Meal Type
Breakfast
Cuisine
Japanese
Author
Jessica Lord
Serves
3
Preparation Time
5 minutes
Cooking Time
5 minutes

Ingredients

Soup Base

  • 8g Instant Kombu Dashi
  • 5 g Instant Bonito or Shitake Dashi
  • 3 cups water
  • 1 - 2 tsp soy sauce, tamari
  • 1 - 2 Tbsp Miso paste, red or white.

Optional Fillings

  • Leftover tofu
  • Slice green onions
  • Re-hydrated wakame seaweed
  • Re-hydrated shitake, sliced

Instructions

  1. Select vegan, gluten free or traditional.
  2. If you have both stock pre-made in liquid form, simply use 2 cups kombu to 1 cup alternative flavour dashi.
  3. Prepare optional fillings and transfer to serving bowls.
  4. Combine stock or stock powder/ granules and water and bring to the boil, add the soy sauce and stir, reduce heat to low.
  5. Using a fine mesh strainer, dissolve 1-2 Tbsp of miso paste into the dashi broth to ensure there are no lumps, (miso paste tends to vary). 6, Once combined, taste test and add extra miso or soy sauce if required.
  6. Serve by ladling the soup base into the prepared bowls, over the optional ingredients if using.
  7. Miso Soup is served with chopsticks, allowing you to select the optional ingredients individually, stir and drink the soup from the bowl.

Notes

  • You can substitute tamari for the soy sauce, but remember to check the miso paste, there shouldn't be a problem, but best to be safe.
  • Miso paste comes in many different flavours and textures depending on which beans are used and which country manufactures it, using a mesh strainer helps you keep a smooth soup whilst still using whichever miso you prefer, we have had great results from Japanese red and white miso, as well as a korean miso which had a richer ferment and a chunkier texture.
  • Traditional miso uses kombu and katsu/ bonito dashi and has silken tofu, wakame, green onions and sometimes baby clams.
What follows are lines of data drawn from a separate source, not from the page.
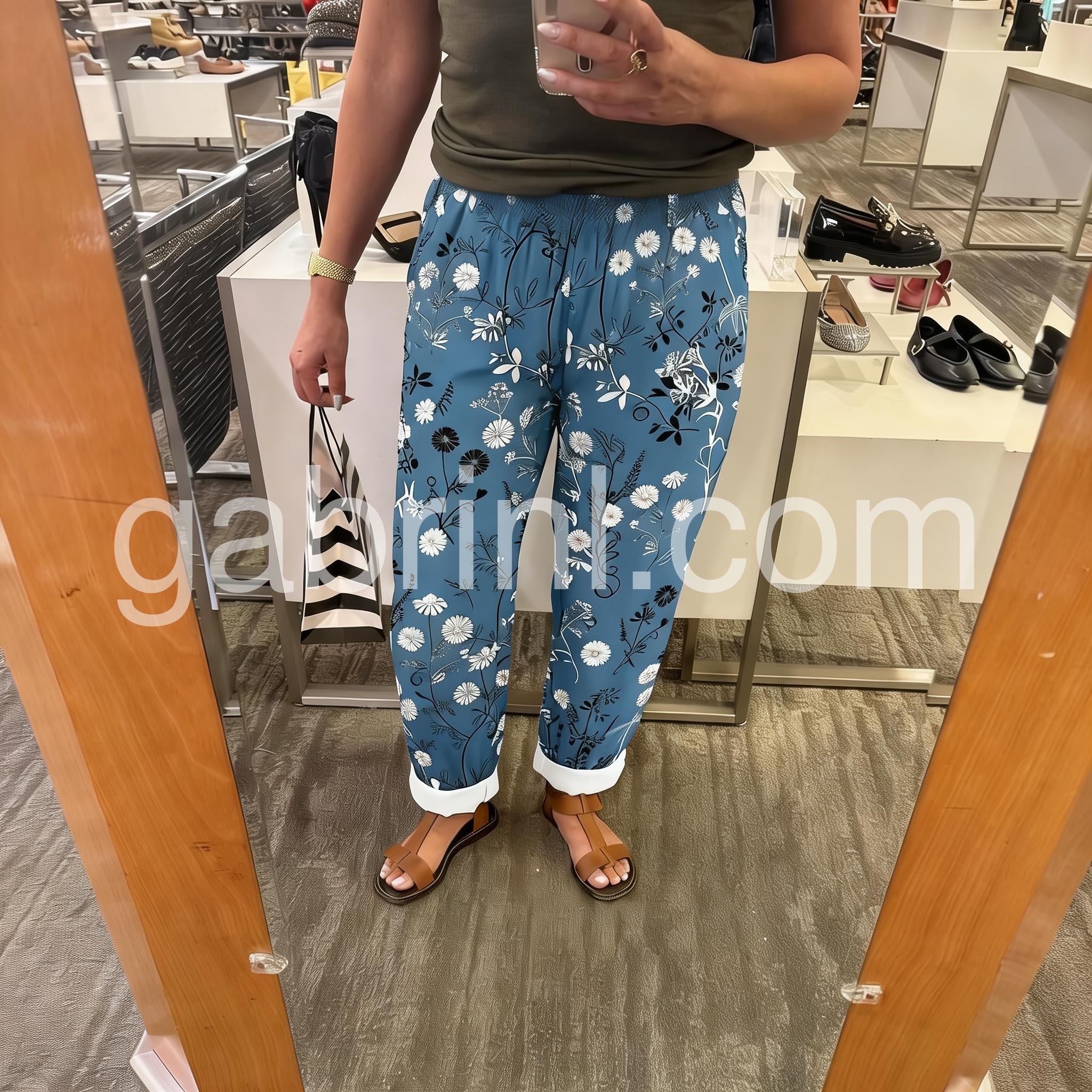 These relaxed-fit pants feature a vibrant blue base with white and black floral patterns. Elastic waistband and cuffed hems offer a cozy, tailored look. Perfect for casual outings or beach days. Lightweight fabric ensures all-day comfort. Effortlessly chic with a bohemian touch.
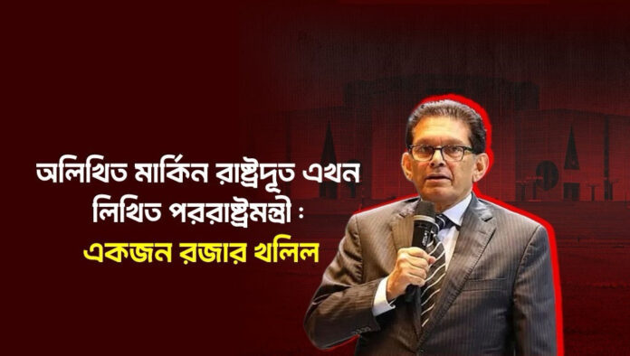 রজার খলিলকে পররাষ্ট্রমন্ত্রী বানানোর মধ্য দিয়ে বাংলাদেশের সার্বভৌমত্ব এখন কেবল কাগজে-কলমে টিকে আছে। একজন মার্কিন নাগরিককে দেশের পররাষ্ট্র নীতি নির্ধারণের দায়িত্ব দেওয়া মানে হচ্ছে ওয়াশিংটনের হাতে সরাসরি চাবি তুলে দেওয়া। বিএনপি যে মানুষটির পদত্যাগ চেয়ে একসময় রাজপথে মিছিল করেছিল, তাকেই এখন তারা মন্ত্রিসভায় বসাচ্ছে। এই পট পরিবর্তনের কারণ একটাই, তারেক রহমানের জন্য মার্কিন ভিসা নিষেধাজ্ঞা তুলে নেওয়ার ব্যবস্থা রজার খলিল করে দিয়েছেন।
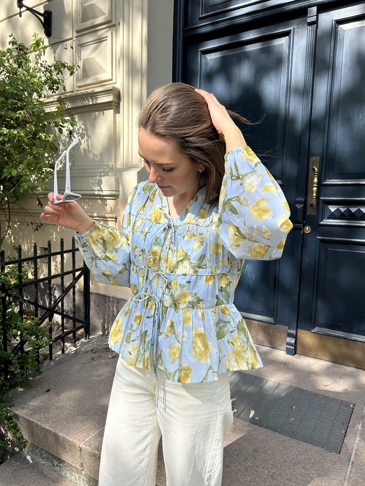 Denne blusetoppen har vi gledet oss masse til! Superskjønne detaljer med knyting fremme, v-hals og lange armer! Perfekt til en jeans!
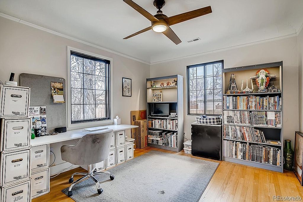 This inviting home office space radiates functionality and style. The layout features a sleek white desk paired with a modern swivel chair, creating a comfortable workstation surrounded by natural light from large windows. Stylish storage crates add organization, while black frames on the walls showcase personal artwork. Rich wooden flooring enhances warmth, complemented by a soft area rug. Bookshelves filled with an eclectic collection of media and decorative items highlight personality and interests. The ceiling fan cools the room, while the neutral color palette fosters a calm and productive environment, making it perfect for work or study.
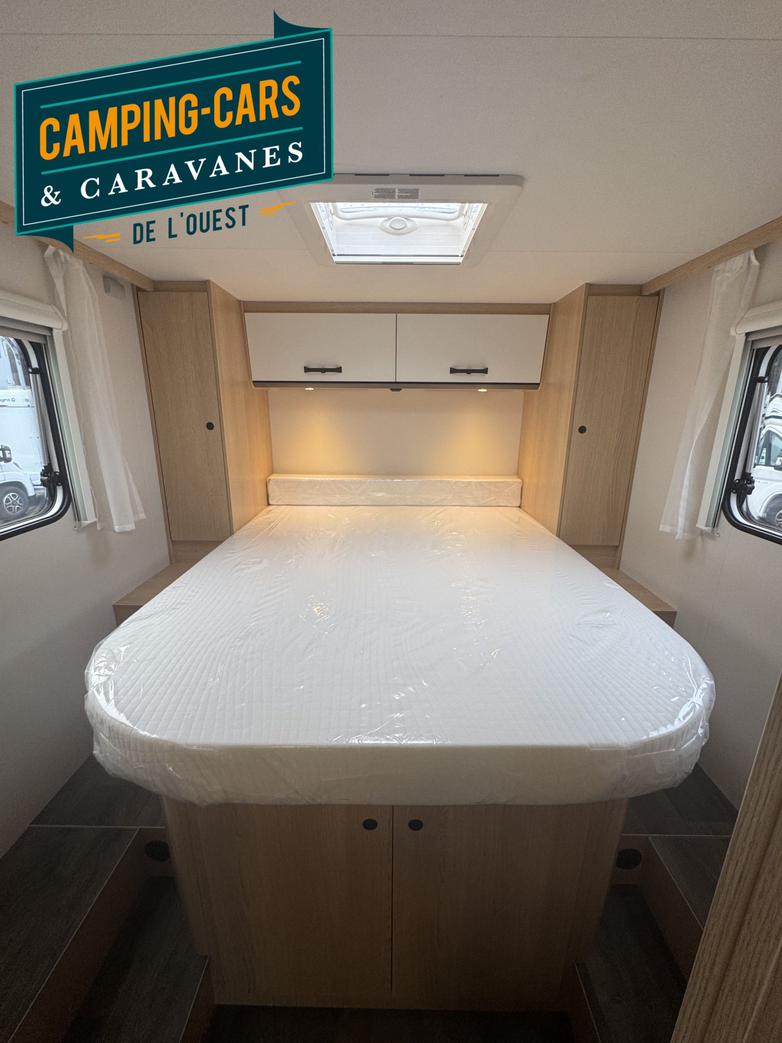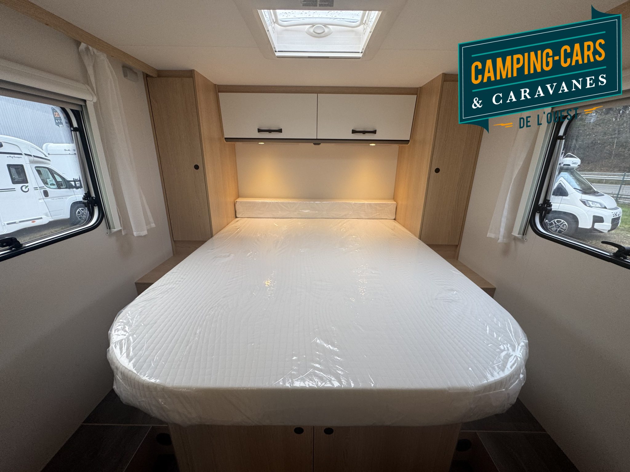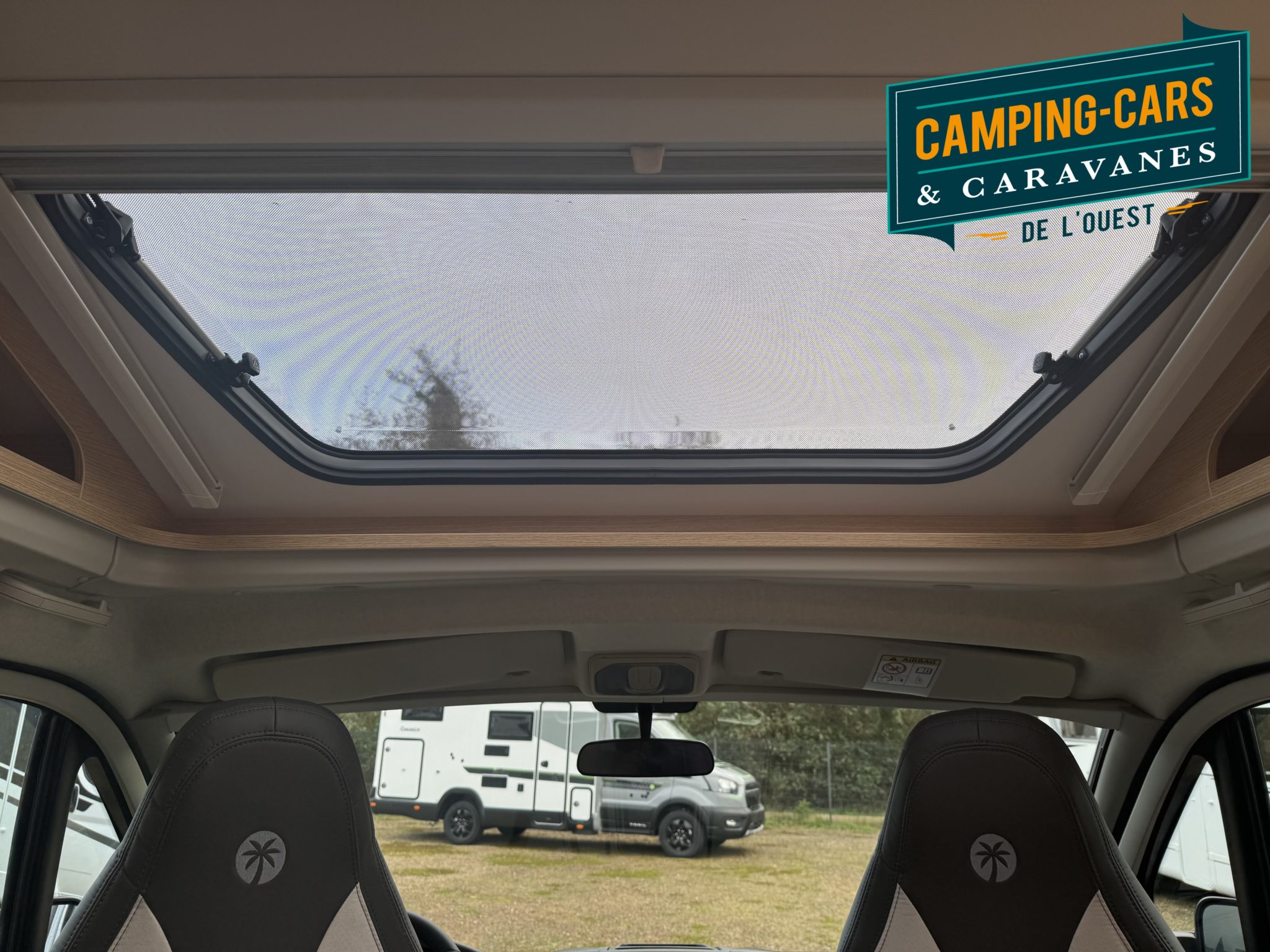 – Pack Soleil : Bandeau lumineux entre feux arrière, Porte cellule avec moustiquaire, Miroir avec patères, Lanterneau panoramique 70 x 50 cm, Lanterneau transparent 40 x 40 cm

Everyone has their own way of making miso, but if you object to any of the traditional ingredients, best to check before ordering this soup on blind faith in an Asian Country... Owen this means you.
  • All Miso soup is dairy free, refined sugar free, and it will always contain salt, but given your choices regarding stock and optional extras it can be gluten free or even vegan.